Anne Greenup (born Anna Hurd; May 5, 1874 – March 15, 1952) was the first president of The Coloured Women's Club of Montreal.

Greenup was born in Harveysburg, Ohio to Charles Hurd, a schoolteacher from Georgia, and Mahala Jackson from Virginia. She was educated until the age of 14 and then worked as a schoolteacher.[2] She married Charles Harvey Greenup, a railroad worker, in Essex, Ontario in 1900.[3] She and her husband soon moved to Montreal, where she founded The Coloured Women's Club of Montreal with six other women in 1902. As the first president of the club, she created a helped provide shelter, clothes and care for the Black community in Montreal, centred in the neighbourhood of Little Burgundy.

She and her husband moved to Vancouver around 1910, where he worked for the Canadian Pacific Railway until his death in 1920. In the 1920s, she was involved in the First Baptist Church on Burrard Street, organizing social activities.[4]

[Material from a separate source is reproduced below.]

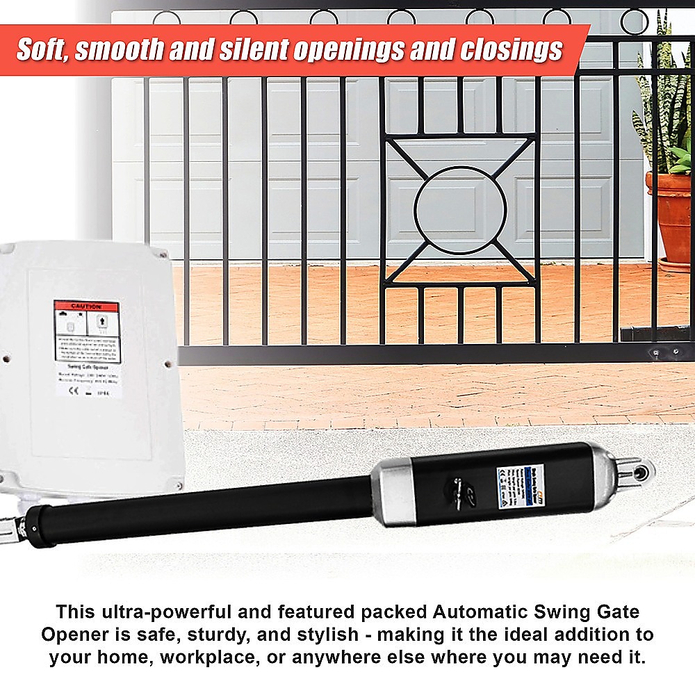 This automatic swing gate opener is designed to provide a safe, durable, and stylish solution for controlling gate access. It features powerful motors and a robust construction, making it suitable for various residential and commercial applications.

She had two brothers, Robert and Granville, who were also schoolteachers and involved in an association of Black teachers. After the death of her husband, she lived with her brother Granville, who also moved to Vancouver and worked as a porter for the Canadian Pacific Railway. She had one child, who lived for around six months.[5]

She died aged 77 in Vernon, British Columbia in 1952. A Canadian solidarity prize is named for her.[6][7][8][9][10]

Notes[edit]

  1. ^ Robert 2023
  2. ^ Robert 2023
  3. ^ Robert 2023
  4. ^ Robert 2023
  5. ^ Robert 2023
  6. ^ "Legacies and institutions". www.canada.ca. 1 February 2021. Archived from the original on 7 August 2021. Retrieved 7 August 2021.
  7. ^ Mathieu, Sarah-Jane (2010). North of the Color Line: Migration and Black Resistance in Canada, 1870-1955. University of North Carolina Press. p. 161. ISBN 978-0-8078-3429-9.
  8. ^ "Reflect on the reality of the African-Canadian experience, says prof". Waterloo News. 8 February 2013. Archived from the original on 7 August 2021. Retrieved 7 August 2021.
  9. ^ "The Coloured Women's Club". colouredwomensclub.tripod.com. Archived from the original on 26 February 2021. Retrieved 7 August 2021.
  10. ^ Este, D.; Sato, C.; McKenna, Darcy (2017). "The Coloured Women's Club of Montreal, 1902-1940: African-Canadian Women Confronting Anti-Black Racism". doi:10.7202/1040996AR. S2CID 148608677. {{cite journal}}: Cite journal requires |journal= (help)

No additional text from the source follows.